▶ _WHAT YOU ARE ASKED TO DO_: What is wanted is every line below from the one with "#FridayReads 2022-05-20 –" up to and including the one with "Il tavolo è", retyped exactly, pictures excluded, nothing else.

▶ _DATA SHOWN_:
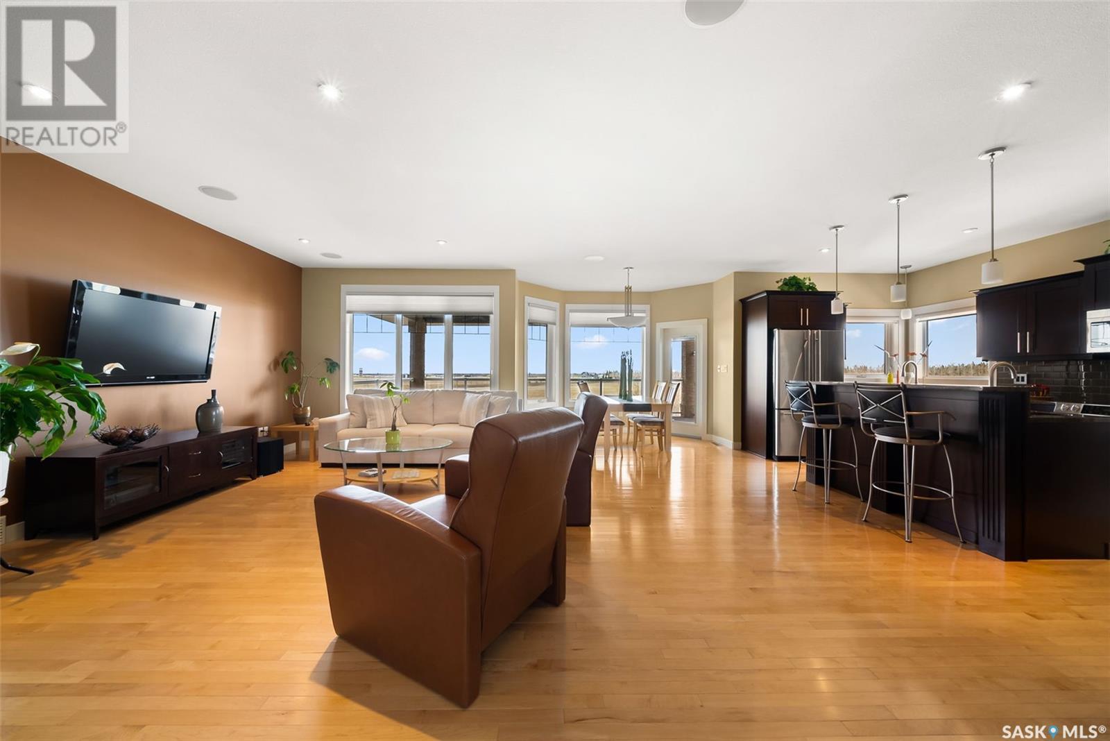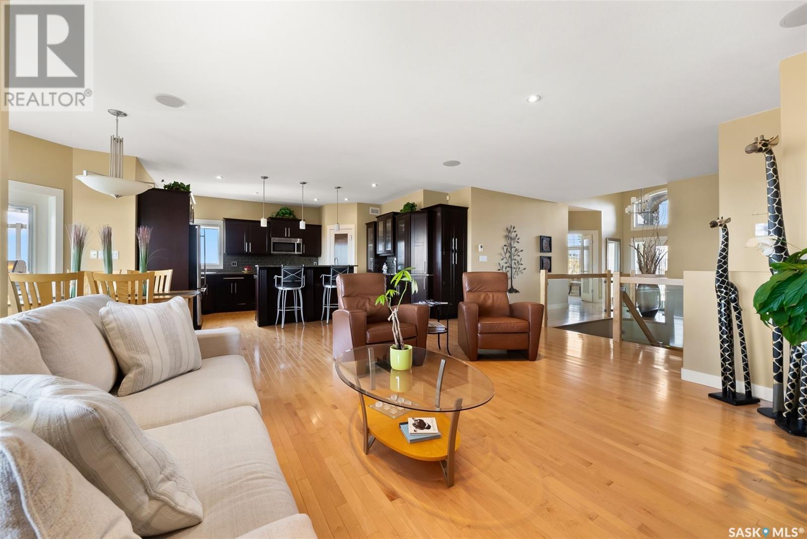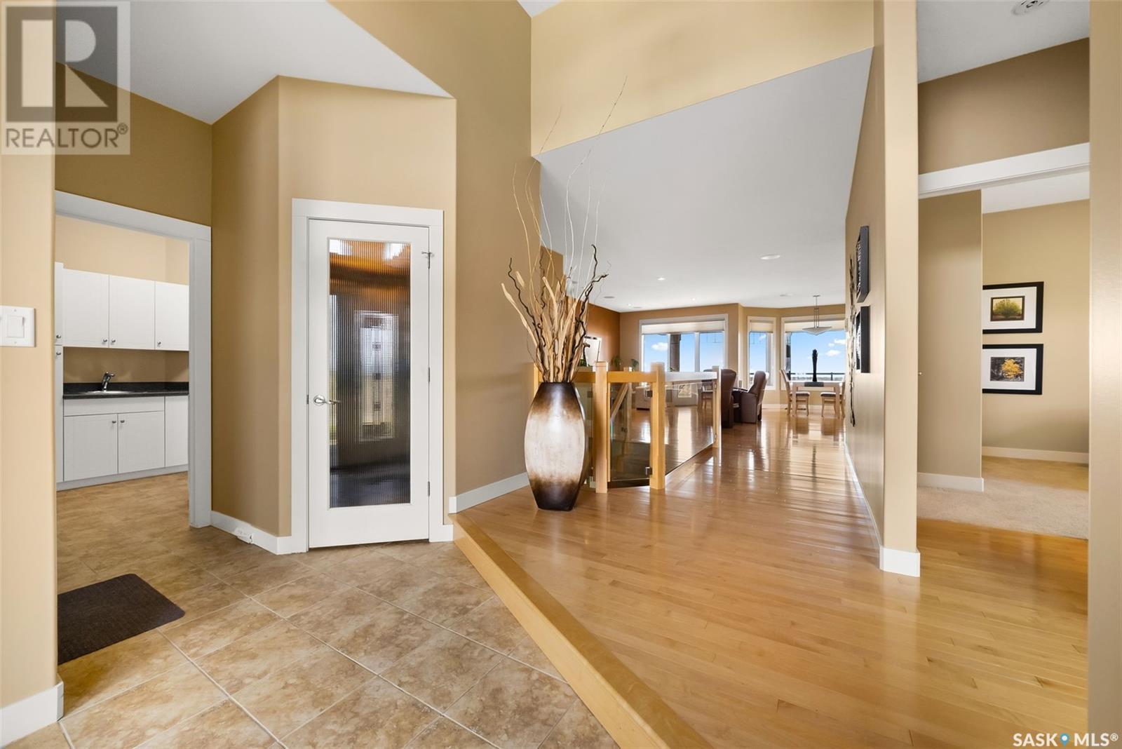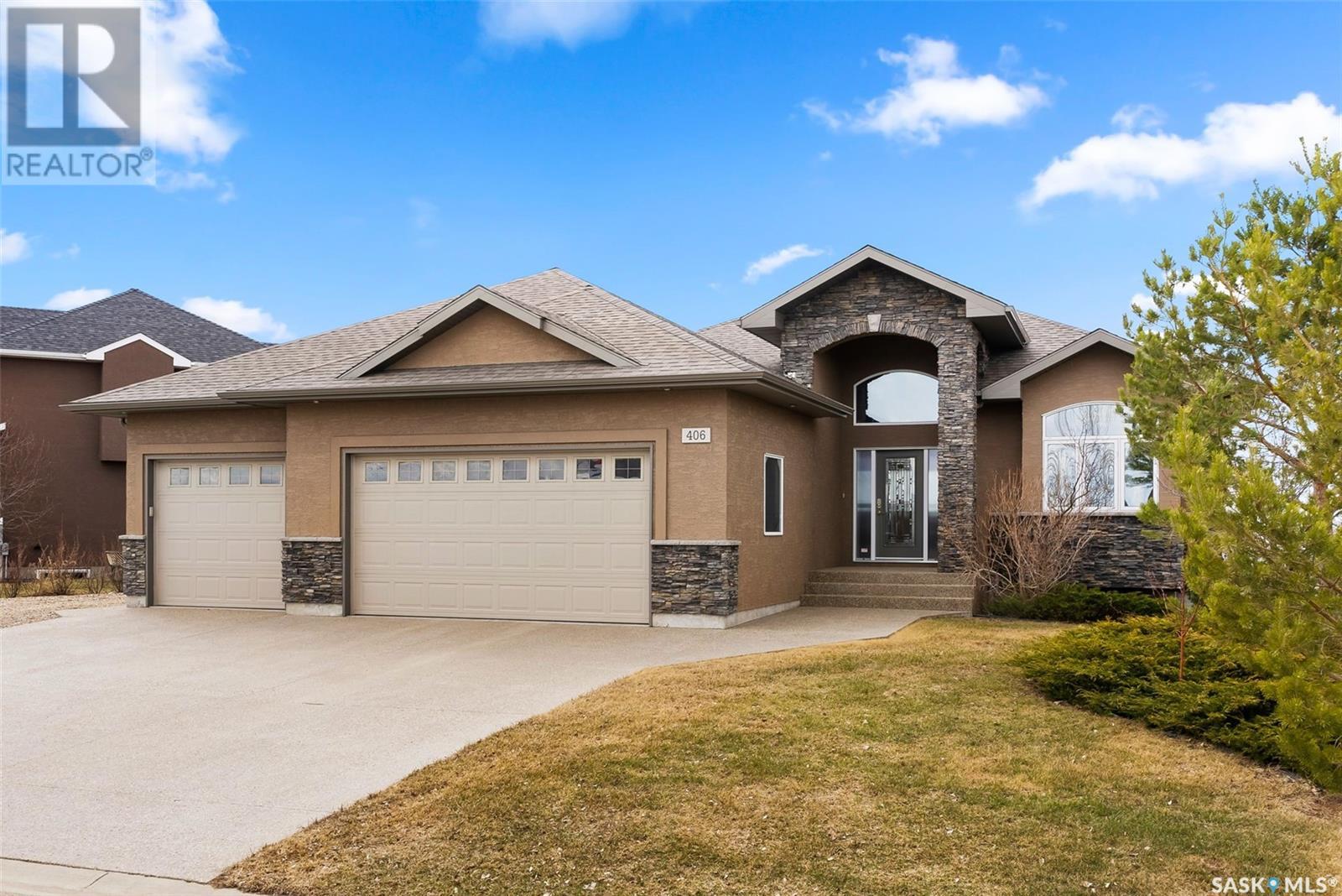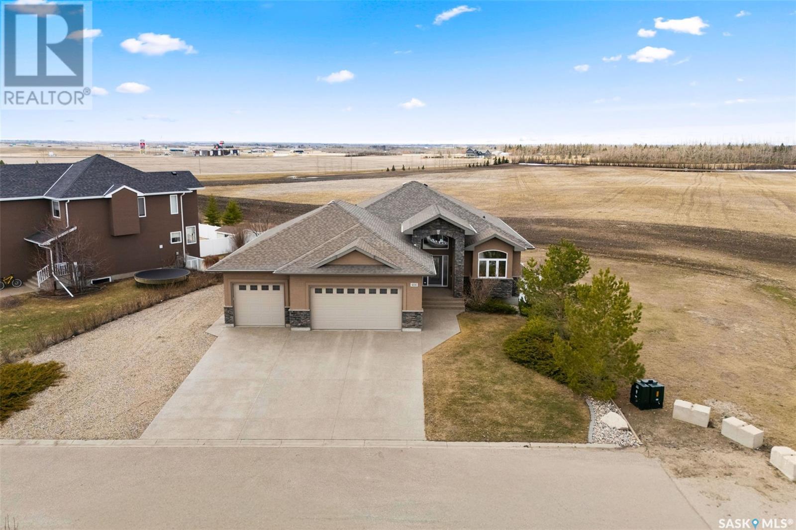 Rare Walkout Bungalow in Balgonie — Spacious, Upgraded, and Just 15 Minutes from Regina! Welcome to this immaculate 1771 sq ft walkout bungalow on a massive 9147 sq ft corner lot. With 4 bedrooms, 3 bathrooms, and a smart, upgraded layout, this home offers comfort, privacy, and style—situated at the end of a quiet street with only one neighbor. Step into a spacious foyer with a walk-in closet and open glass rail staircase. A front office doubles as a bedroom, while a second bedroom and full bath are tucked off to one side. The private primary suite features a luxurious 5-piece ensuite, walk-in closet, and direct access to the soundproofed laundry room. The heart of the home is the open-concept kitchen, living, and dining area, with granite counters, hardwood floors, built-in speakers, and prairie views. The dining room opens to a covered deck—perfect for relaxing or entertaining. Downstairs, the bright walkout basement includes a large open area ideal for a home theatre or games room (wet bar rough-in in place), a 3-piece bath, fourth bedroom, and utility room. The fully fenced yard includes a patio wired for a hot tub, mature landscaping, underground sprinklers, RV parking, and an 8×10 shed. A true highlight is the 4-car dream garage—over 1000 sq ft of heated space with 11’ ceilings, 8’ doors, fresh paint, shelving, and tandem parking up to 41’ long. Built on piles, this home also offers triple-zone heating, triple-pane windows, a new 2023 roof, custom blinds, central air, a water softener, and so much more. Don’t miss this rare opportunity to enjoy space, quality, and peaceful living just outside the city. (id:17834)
...
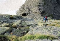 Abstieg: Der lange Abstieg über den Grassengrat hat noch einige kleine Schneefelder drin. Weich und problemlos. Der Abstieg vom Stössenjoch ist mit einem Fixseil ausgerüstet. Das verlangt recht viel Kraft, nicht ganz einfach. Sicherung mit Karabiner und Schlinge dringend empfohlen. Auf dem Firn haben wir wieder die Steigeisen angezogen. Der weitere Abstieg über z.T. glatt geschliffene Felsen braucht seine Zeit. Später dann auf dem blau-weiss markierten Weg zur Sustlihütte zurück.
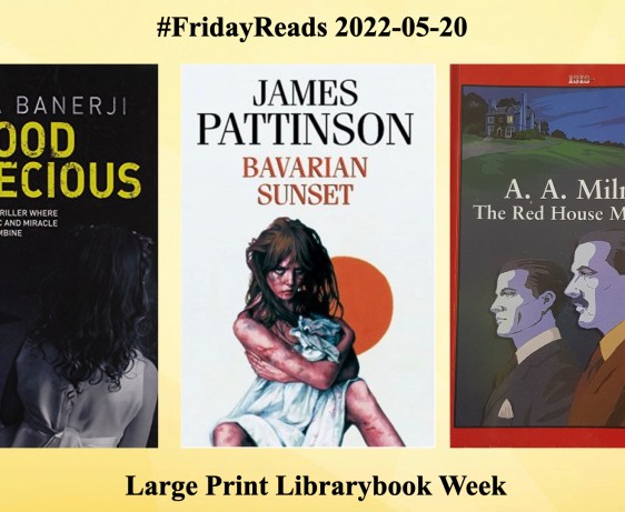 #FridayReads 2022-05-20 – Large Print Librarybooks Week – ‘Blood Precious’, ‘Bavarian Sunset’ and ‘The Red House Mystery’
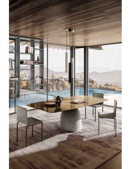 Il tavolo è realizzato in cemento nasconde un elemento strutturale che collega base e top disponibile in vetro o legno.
* * *
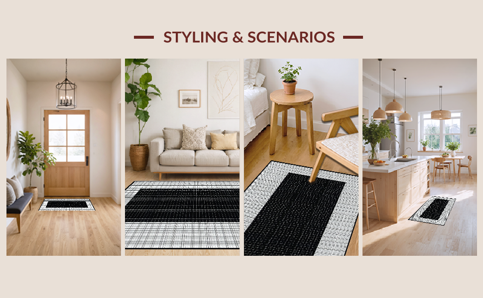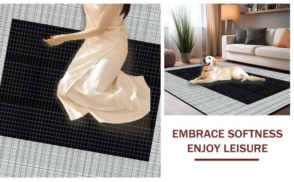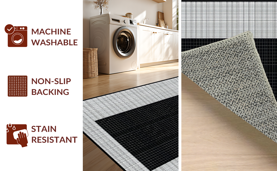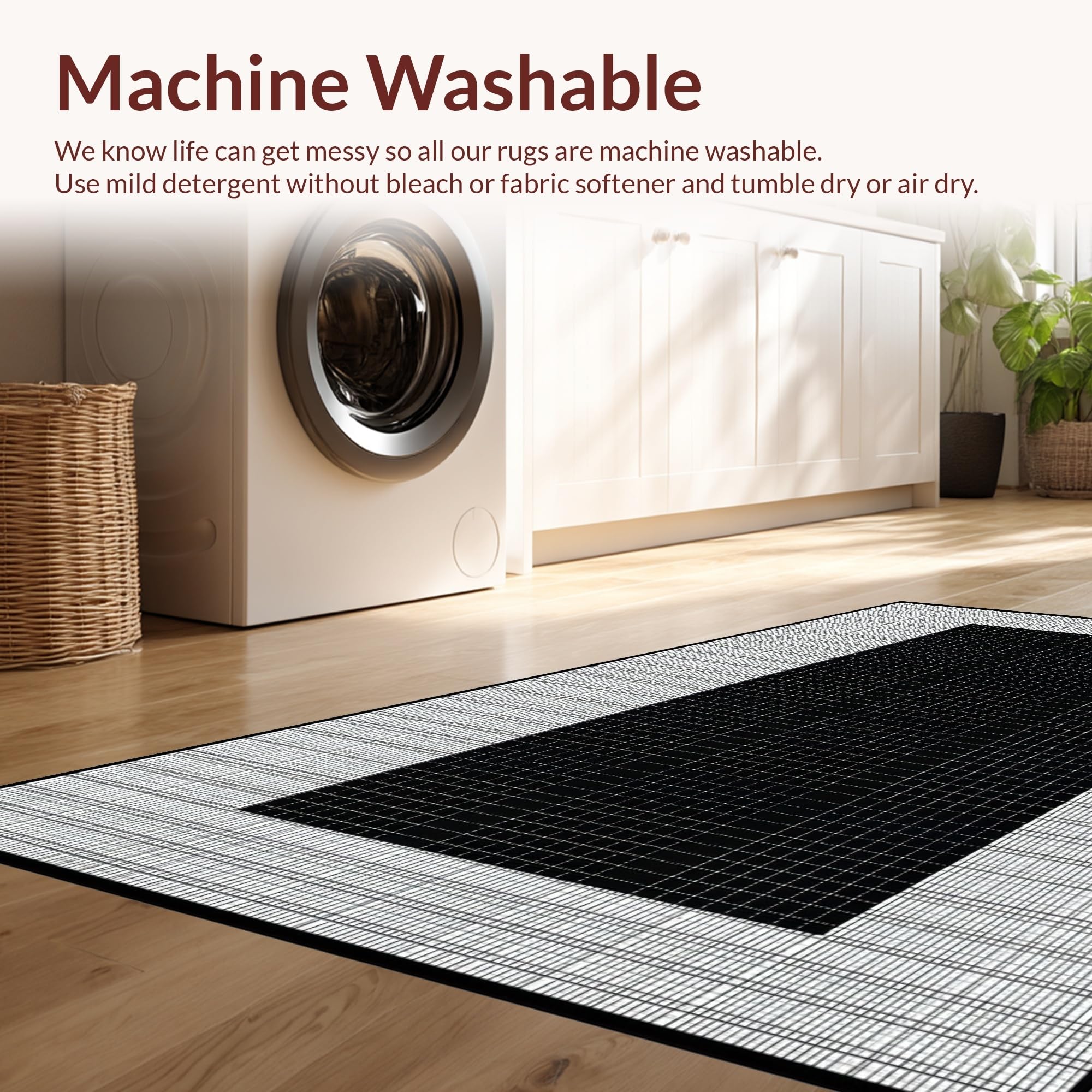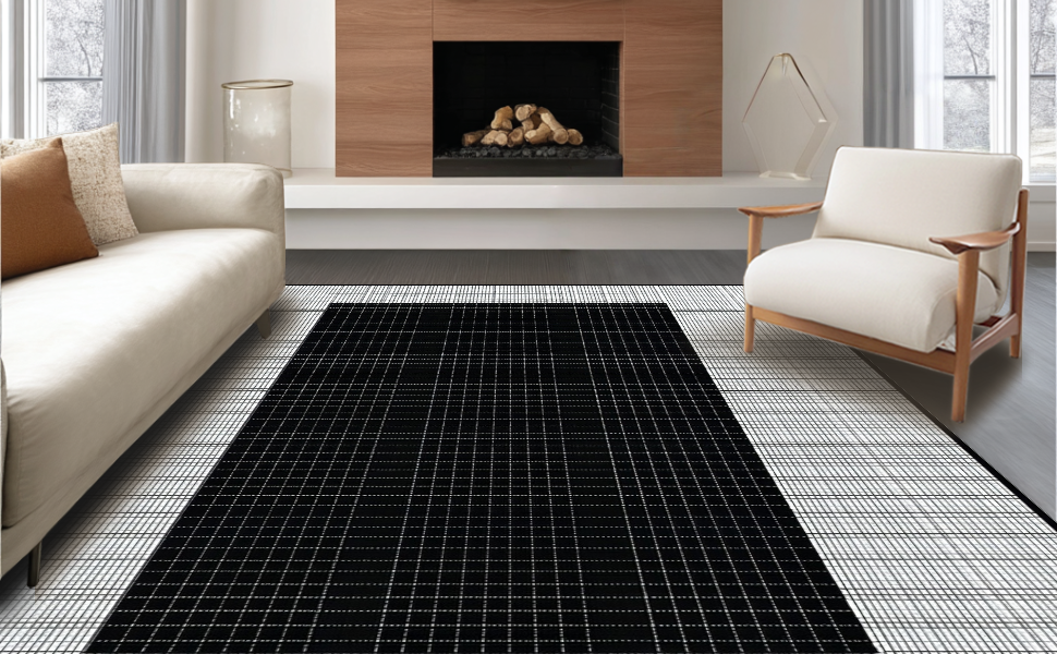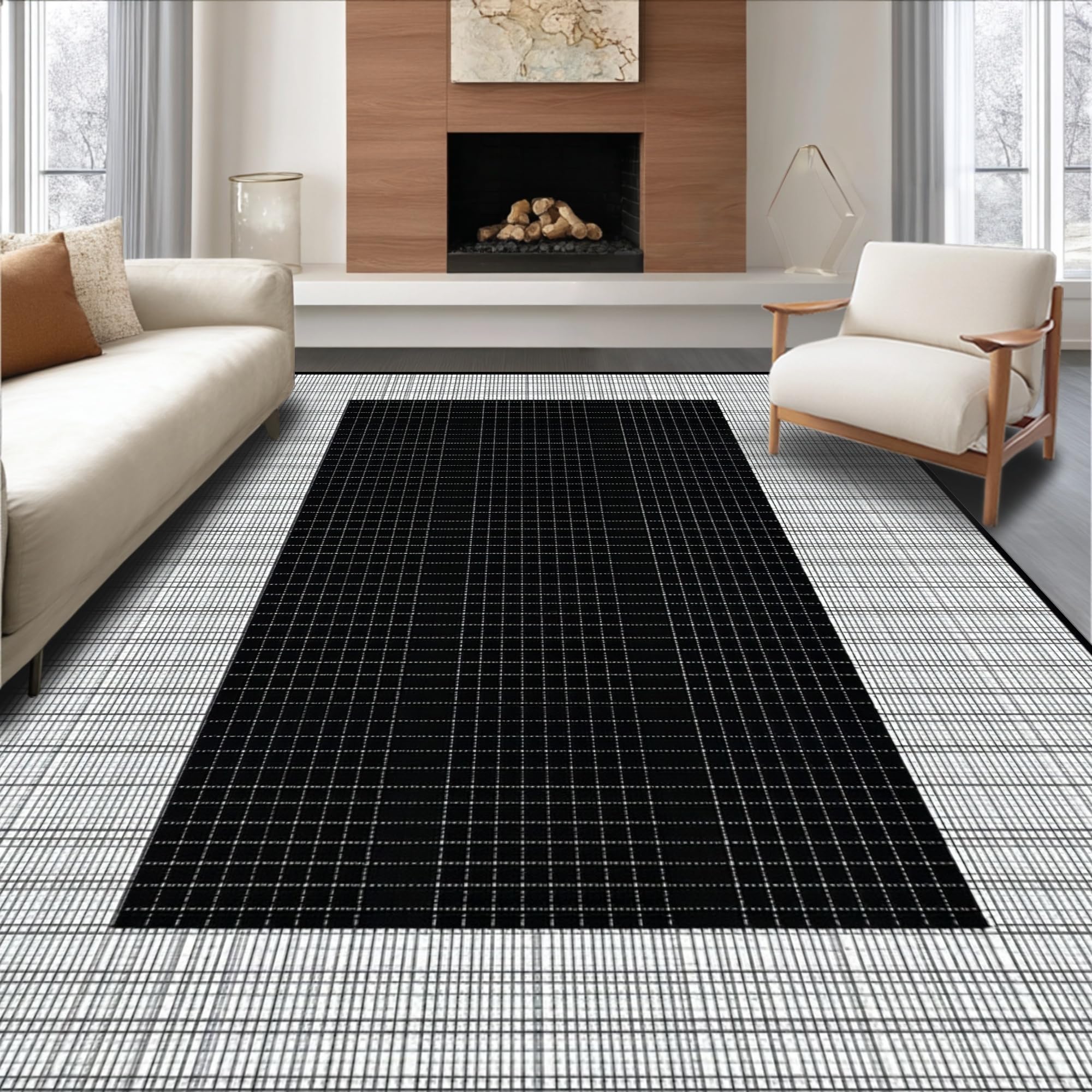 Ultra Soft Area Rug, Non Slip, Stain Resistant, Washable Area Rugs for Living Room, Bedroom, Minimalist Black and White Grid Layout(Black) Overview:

▶ _REPLY_:
 #FridayReads 2022-05-20 – Large Print Librarybooks Week – ‘Blood Precious’, ‘Bavarian Sunset’ and ‘The Red House Mystery’
 Il tavolo è realizzato in cemento nasconde un elemento strutturale che collega base e top disponibile in vetro o legno.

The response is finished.